Operation Mountain Thrust
The Belmont Club interviews Bill Roggio for Pajamas Media in Kandahar about the coalition offensive in Afghanistan.
The Belmont Club will be moving on Monday, June 23 to this new site.
The Belmont Club interviews Bill Roggio for Pajamas Media in Kandahar about the coalition offensive in Afghanistan.
11 Comments:
For another, more British, view of the Afghan challenge there is an article in "The Sunday Times".
The tone of the article is summed up in the closing paragraph, but there are some confirmable facts within the story.
"... Last week in Shanghai the leaders of Russia, China, Iran, Pakistan, Tajikistan and Kyrgyzstan met under the umbrella of the Shanghai Co-operation Organisation. This little-reported group was intended to cement an alliance against further western intervention in Asia. So far, so understandable. But if western diplomacy allows that cement to harden into something more sinister, the “war on terror” will have been the stupidest mistake in history. ..."

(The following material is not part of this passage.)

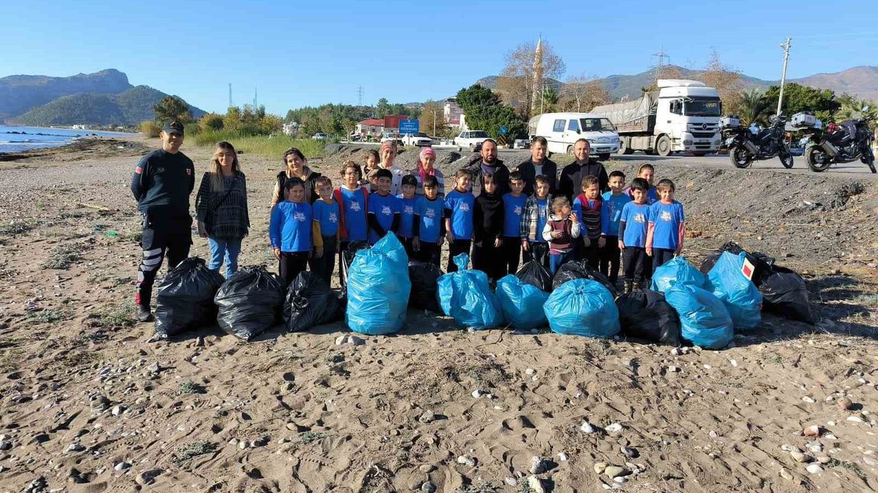 Mersin'in Bozyazı ilçesinde öğrenciler, öğretmenler, veliler ve jandarmanın katılımıyla sahil temizliği gerçekleştirdi.

Yes, the Shanghai Co-operation Organisation is a creation of the War on Terror.
I wish Mr Bush & Mr Blair were so omnipotent, to have that kind of cause and effect ability in the World.
The link to the Times, if interested.
If there is a global media conspiracy,
know the Enemy.
Great interview w. Mr. Roggio, Richard. Thanks for making that available.
“All lies and jest, still a man hears what he wants to hear and disregards the rest...”
— Paul Simon, “The Boxer” circa 1971
Sometimes I despair, thinking that the idiots on the left only read the official idiot news sources, while everyone I regard as sane gets their information from the SANE and TOTALLY REASONABLE information sources. Without bias or distortion or slant. Of course, I use all caps to underscore how TOTALLY RATIONAL AND UNEMOTIONAL I am.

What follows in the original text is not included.